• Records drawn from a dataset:
★ ★ ★

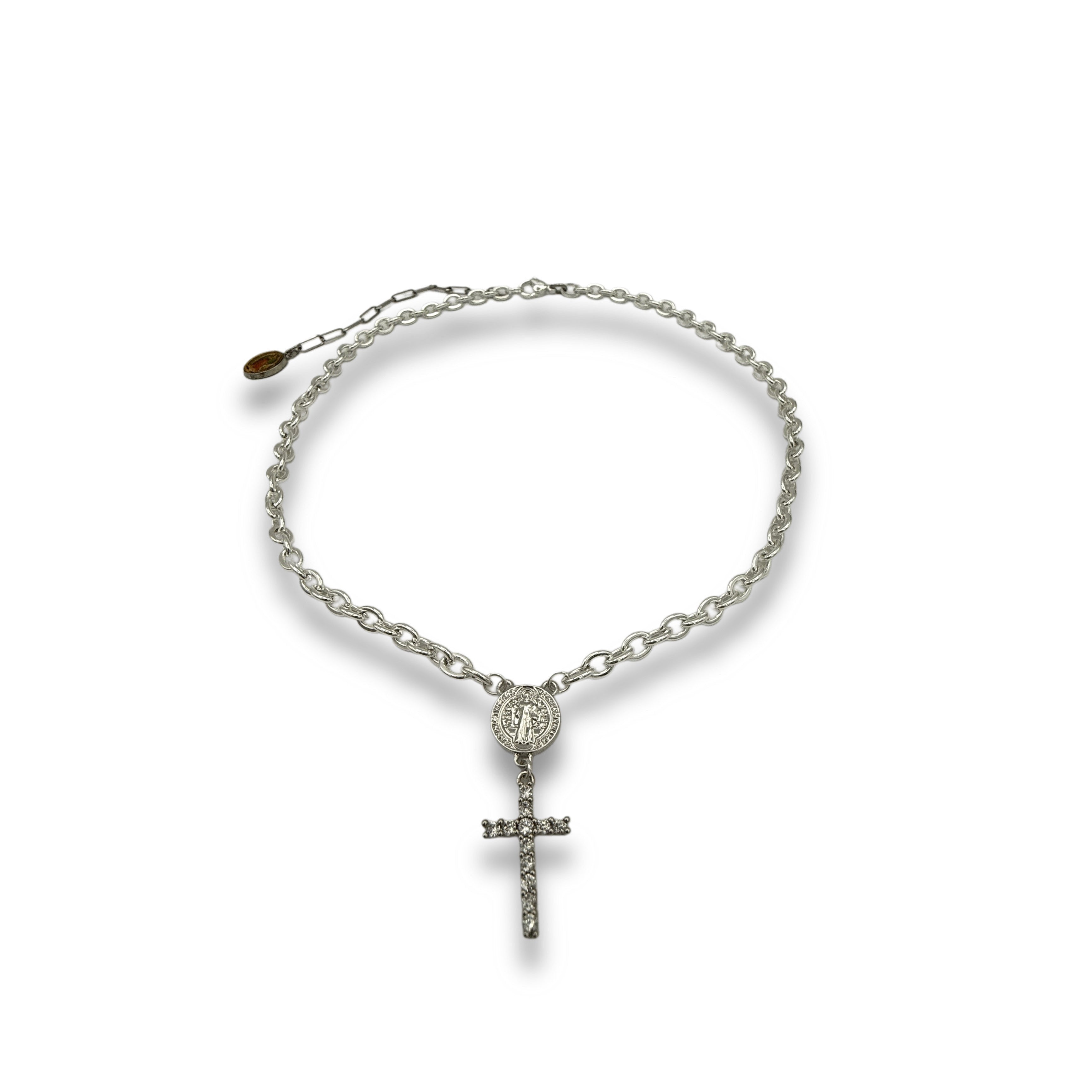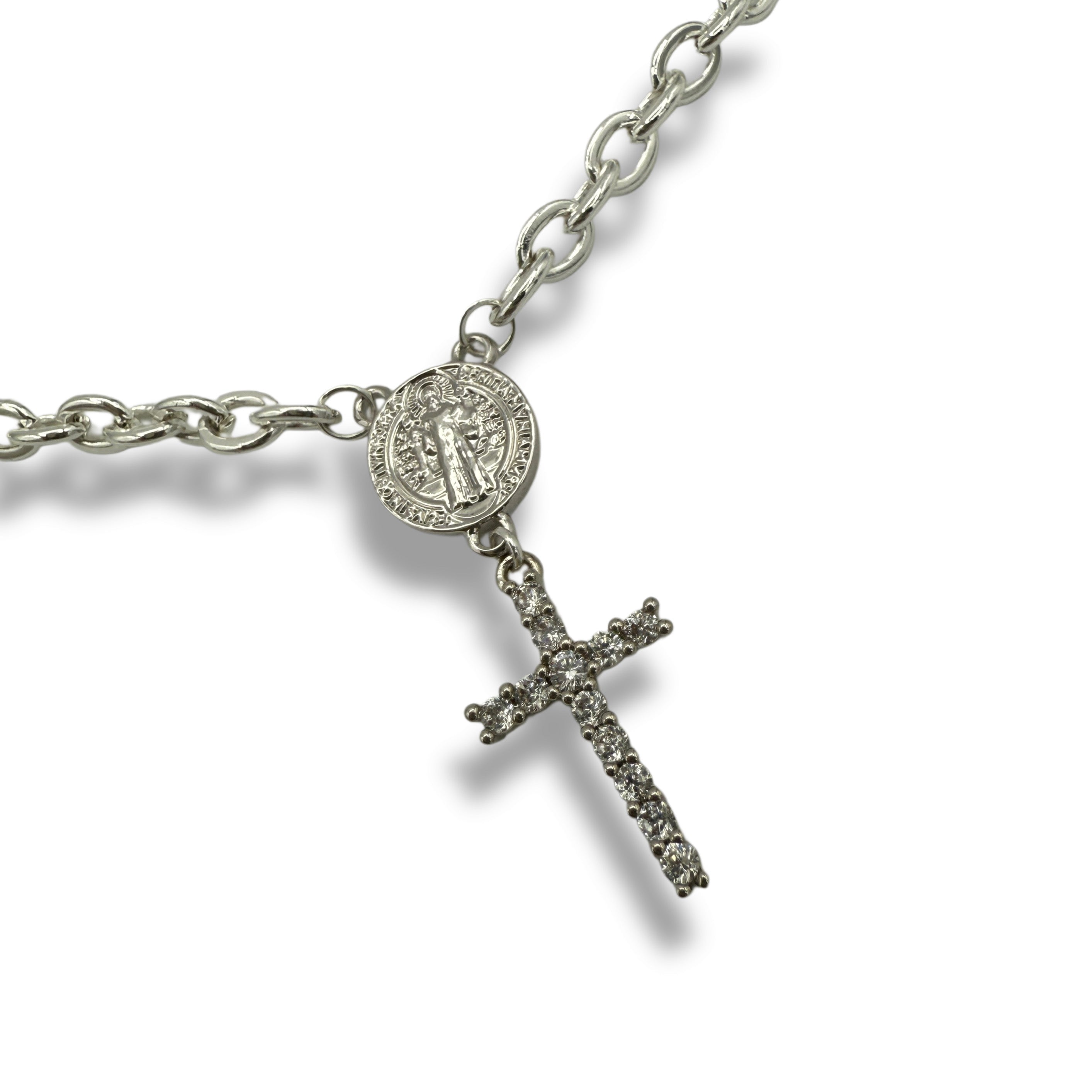 Details: the perfect combination of statement and simplicity. this cz crystal cross charm hangs from a saint benedict charm on a bright silver stainless steel chain
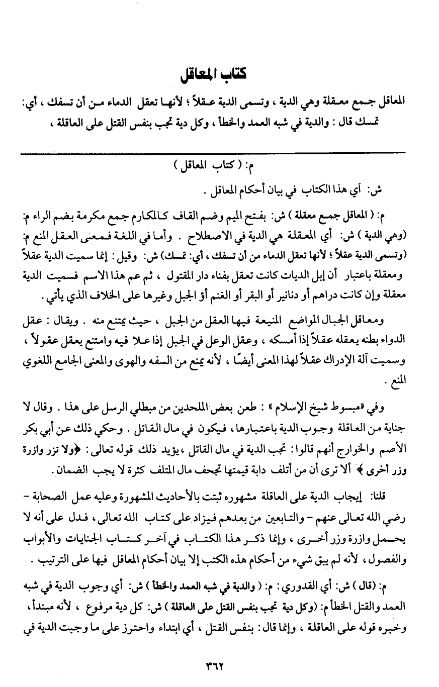 كتاب المعاقل المعاقل جمع معقلة وهي الدية، وتسمى الدية عقلا؛ لأنها تعقل الدماء من أن تسفك، أي: تمسك
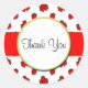 A custom Thank You sticker with script letters and a pattern of wild strawberries behind a simple gold medallion and a faux red ribbon. Click Customize It to change fonts, sizing and more, even save your design for later.
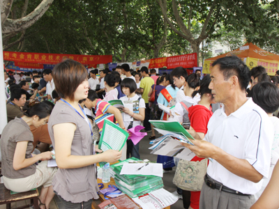 早上8时,考生陆续进场咨询。一位考生说,明天开始填报志愿,今天很迫切地想参加此次活动,相信将对自己有指导作用。校园林荫大道两侧,整齐划一地布置着各所高校的咨询展台。没到上午9时,这里已被如潮的人流所吞没。今天徐州的天气阴湿闷热,但仍然阻挡不了考生和家长的热切心情。就现场咨询反馈的情况来看,考生心理日趋理性,他们不是盲目地选择,而是注重在地域、学校、专业、发展前景多维度的考量后的均衡。有些家长更是有备而来,在所中意学校的咨询台前,把该学校的师资队伍、培养方式、专业前景以及生活保障等方方面面的内容一一仔细询问。学校的品牌效应依然发挥着巨大影响,正如一位考生家长所言,现在高校众多,我们只能依据孩子的考分,尽可能地选择那些名头更大的学校。现场咨询会上也证明了这一点,很多省内外知名的学校咨询台前,被考生和家长围了水泄不通,而另外一些学校相比较为冷清。来自不同学校的老师也给考生提出了相同的建议,无论选择哪所学校,在成绩允许的条件下,进行专业的进一步优选将对考生今后发展起到积极作用。
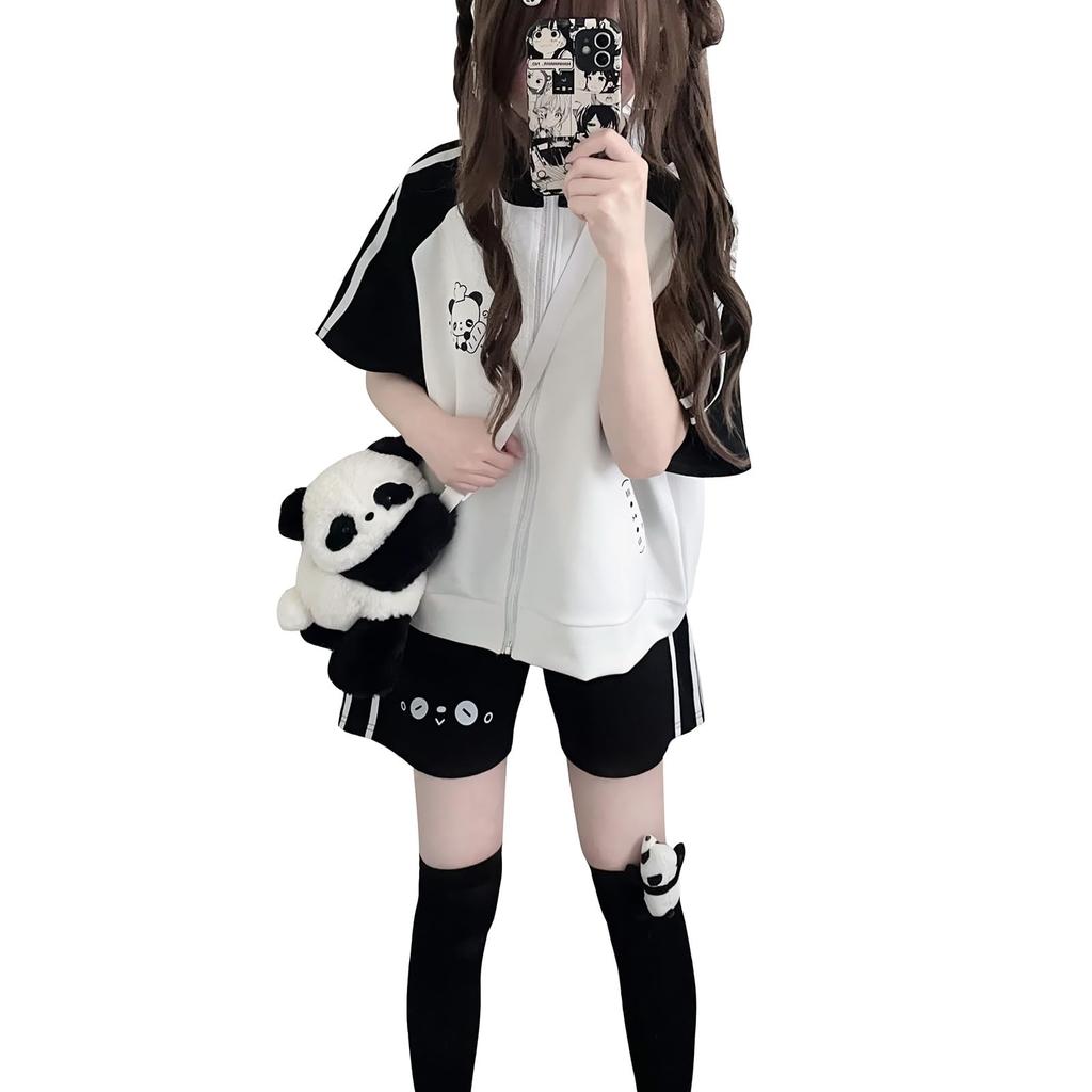 The jacket is a zip-up T-shirt, making it easy to put on and take off. The bottoms are shorts, which give the illusion of longer legs. The waist is elastic, making it easy to move around in and take off. The loose jersey makes it easy to move around in and comfortable to wear without feeling too tight.
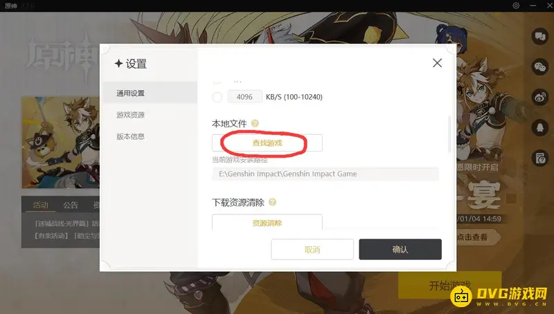 首先我们进入原神的设置界面,点击查找本地文件下的查找游戏。即可查看原神当前所使用的内存。
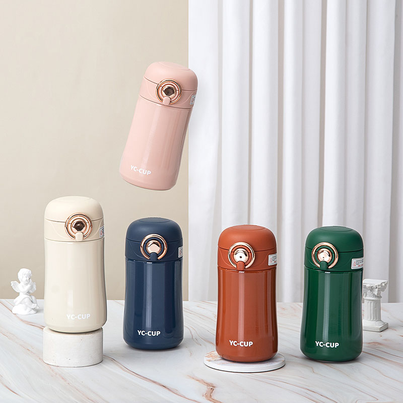 400ML简约时尚英伦米豆豆吸管弹跳杯304不锈钢保温杯
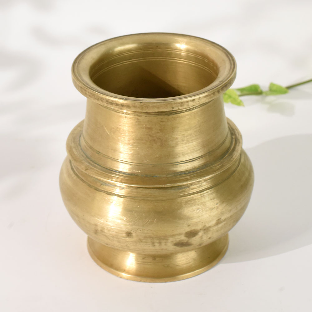 Bring home a piece of timeless South Indian heritage with this vintage handmade brass holy water pot, crafted using traditional metalworking techniques passed down through generations. Made from high-quality solid brass, this pot features a classic rounded base, flared mouth, and fine engraved lines that reflect the artistry of rural South Indian craftsmen. Traditionally used in temples and homes during rituals, poojas, and ceremonies, this brass water pot now also serves as a beautiful decorative collectible that adds warmth and authenticity to any space. Its naturally aged patina enhances its vintage appeal, making it a meaningful gift for lovers of cultural artifacts, spiritual dcor, or antique brassware. Whether used for ritual purposes or displayed as an accent piece, this handcrafted holy water pot stands as a symbol of devotion, craftsmanship, and heritage.
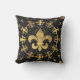 Almofada Fleur-de-lis - ornamento circular - Dourado e pret
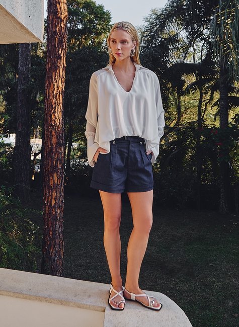 Combine com tênis para um visual casual ou aposte em sandálias para uma produção mais refinada. Acrescente acessórios metálicos para valorizar ainda mais o botão destaque da peça.
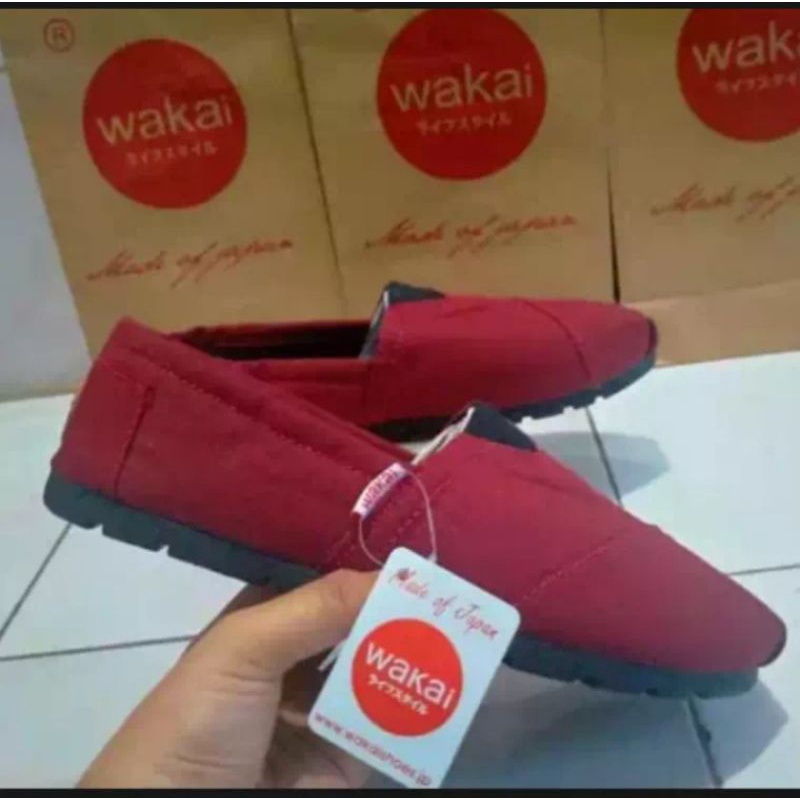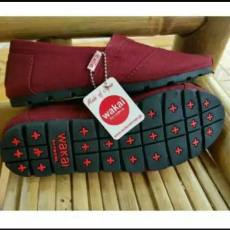 (COD) SEPATU WAKAI SLIP ON PRIA & WANITA sepatu Wakai merah maron sol criem / sol hitam sepatu Wakai slip on size 36-43
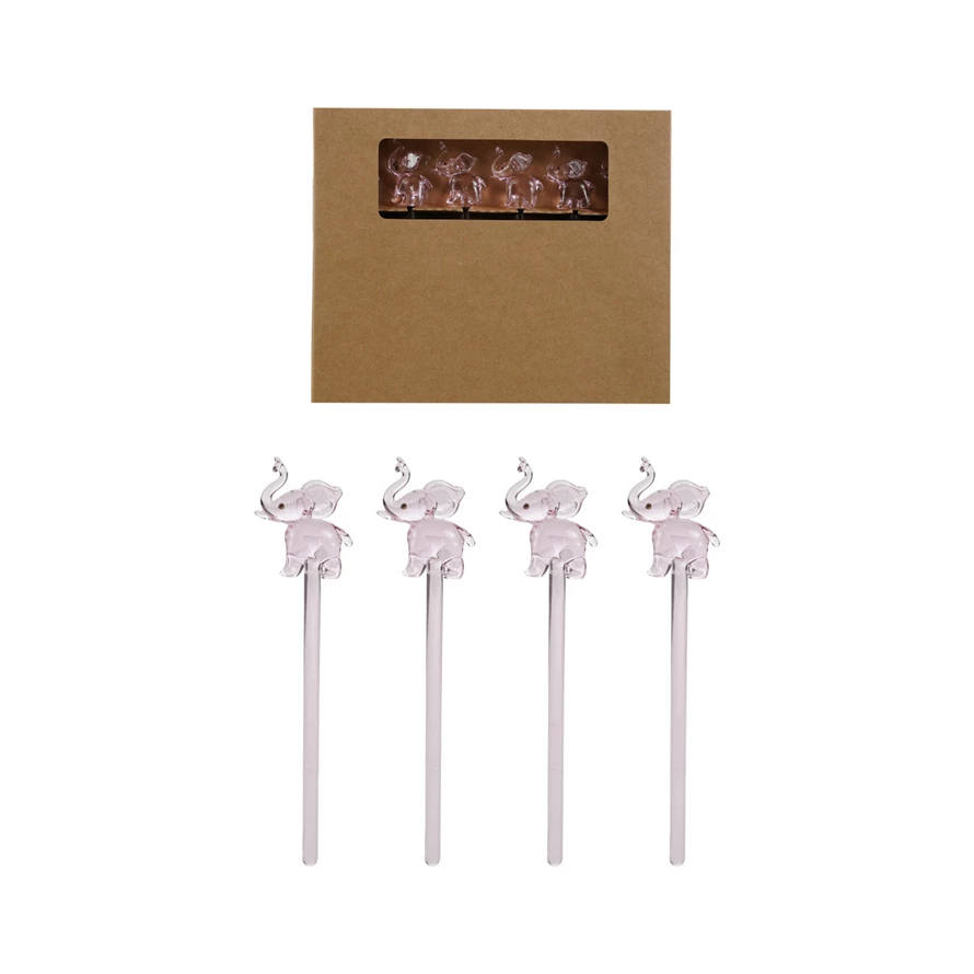 Glass Cocktail Stirrers with Pink Elephants, Boxed Set of 6

★ ★ ★

• Exercise directions: With the pictures left out, write out exactly the lines above from the one containing "The jacket is" through the one containing "Almofada Fleur-de-lis - ornamento".

• Answer section:
 The jacket is a zip-up T-shirt, making it easy to put on and take off. The bottoms are shorts, which give the illusion of longer legs. The waist is elastic, making it easy to move around in and take off. The loose jersey makes it easy to move around in and comfortable to wear without feeling too tight.
 首先我们进入原神的设置界面,点击查找本地文件下的查找游戏。即可查看原神当前所使用的内存。
 400ML简约时尚英伦米豆豆吸管弹跳杯304不锈钢保温杯
 Bring home a piece of timeless South Indian heritage with this vintage handmade brass holy water pot, crafted using traditional metalworking techniques passed down through generations. Made from high-quality solid brass, this pot features a classic rounded base, flared mouth, and fine engraved lines that reflect the artistry of rural South Indian craftsmen. Traditionally used in temples and homes during rituals, poojas, and ceremonies, this brass water pot now also serves as a beautiful decorative collectible that adds warmth and authenticity to any space. Its naturally aged patina enhances its vintage appeal, making it a meaningful gift for lovers of cultural artifacts, spiritual dcor, or antique brassware. Whether used for ritual purposes or displayed as an accent piece, this handcrafted holy water pot stands as a symbol of devotion, craftsmanship, and heritage.
 Almofada Fleur-de-lis - ornamento circular - Dourado e pret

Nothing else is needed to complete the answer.